What MSPs need to know about Compliance-as-a-Service
Article by Marina Brook, StorageCraft head of sales Asia-Pacific
Changes in the regulatory landscape have had a significant impact on data management and security.
In the process of providing better protection and privacy for consumers, these changes have created a mixed bag of challenges and opportunities for all parties involved.
Combined with existing mandates and changing requirements, the risks associated with failure to comply have made compliance management a daunting task for organisations of all sizes.
Interestingly, not all is lost and there is a group of problem solvers waiting on the sidelines, ready to jump in for help.
Verizon’s 2015 PCI DSS Compliance Report found that four out of five organisations were still not compliant.
A 2017 study from SecurityMetrics reported that in 2016 the largest single origin of compromise (39%) was through insecure remote access, while according to the Ponemon Institute, which tracks the costs of data breaches every year, the average total cost per data breach is $4 million - up 29% since 2013.
This statistic highlights the opportunity for third-party service providers to capitalise on the issue and assist struggling companies with their compliance needs.

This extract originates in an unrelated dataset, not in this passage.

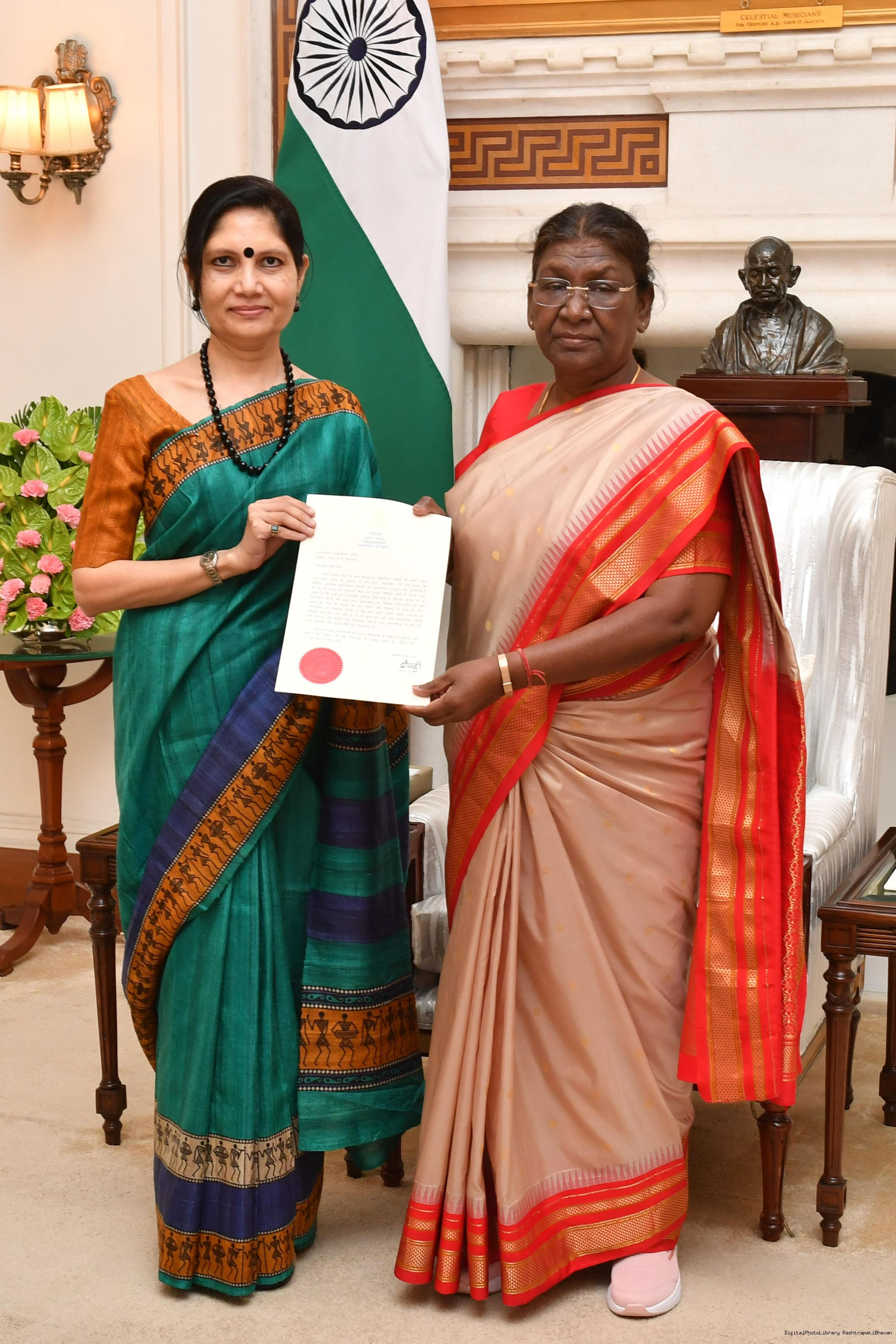 The Ambassador-designate of India to Serbia, Ms. Shubhdarshini Tripathi meeting with the President of India, Smt. Droupadi Murmu at Rashtrapati Bhavan on August 10, 2023.

Australia’s notifiable data breaches legislation, due to come into effect on February 22, 2018, may well result in a similar lack of preparedness.

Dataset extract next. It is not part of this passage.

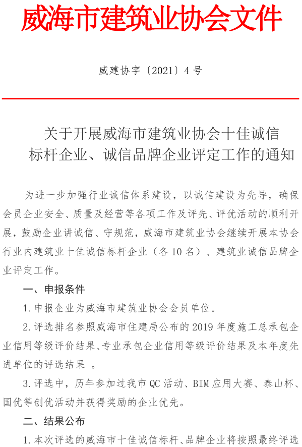 關(guān)于開(kāi)展威海市建筑業(yè)協(xié)會(huì)十佳誠(chéng)信 標(biāo)桿企業(yè)、誠(chéng)信品牌企業(yè)評(píng)定工作的通知

Adding Compliance-as-a-Service (CaaS) to a menu of service offerings is a strategic way for Managed Service Providers (MSPs) to cater to the regulatory requirements of existing clients and to attract new business.
Compliance is a virtual goldmine for service providers with the management expertise to simplify and satisfy the complex requirements associated regulations.
At the same time, hopping on that bandwagon is akin to opening Pandora’s Box because of the requirements that come with the territory.
MSPs must walk a fine line in order to ensure that the convoluted legal component of compliance doesn’t land them in hot water.
Lingo and liability
Borrowing the ‘as-a-Service’ moniker popularised by cloud computing, CaaS is far more than a cleverly named fad - it’s recognised as a legitimate industry on the rise.
CaaS providers make their money by customising solutions around individual compliance requirements.
Their management efforts are designed to help organisations prioritise internal policies and processes per mandated regulation and rule.
In a perfect world, CaaS is a cost-effective solution that enables regulated businesses to minimise the risk, cost and complexity of meeting compliance.
CaaS is a rather vague term that could be interpreted in more ways than one.
Based on the name’s general nature, one might assume that the provided service involves direct handling or securing of confidential information.
On the other hand, a potential customer might assume that it refers to managing internal processes typically performed by employees or actually guaranteeing compliance for one legislation or another.
There’s ambiguity in the CaaS term that can lead to a lot of confusion.
Third-party providers are often needed to help with aspects such as auditing, storage management, and disaster recovery.
These services come in handy and allow organisations to free up valuable time and eliminate some of the challenges associated with meeting industry regulations
Technology and expertise
The move from MSP to CaaS requires a special set of tools and procedures.
While the targeted field and legislation will determine the specifics, every successful transition is built around three key elements:
- Providing rock-solid security that prioritizes data protection
- Training personnel on the finer details of the regulations in question
- Integrating new technology in a manner that is consistent with billing cycles and overall service offerings
Practitioners in emerging businesses are buckling under the pressures traditionally regulated industries have been dealing with for years.
When it comes to CaaS or compliance work in general, MSPs must be careful not to take on risks they cannot properly assess or manage - or the risk to their own business will quickly outsize the rewards.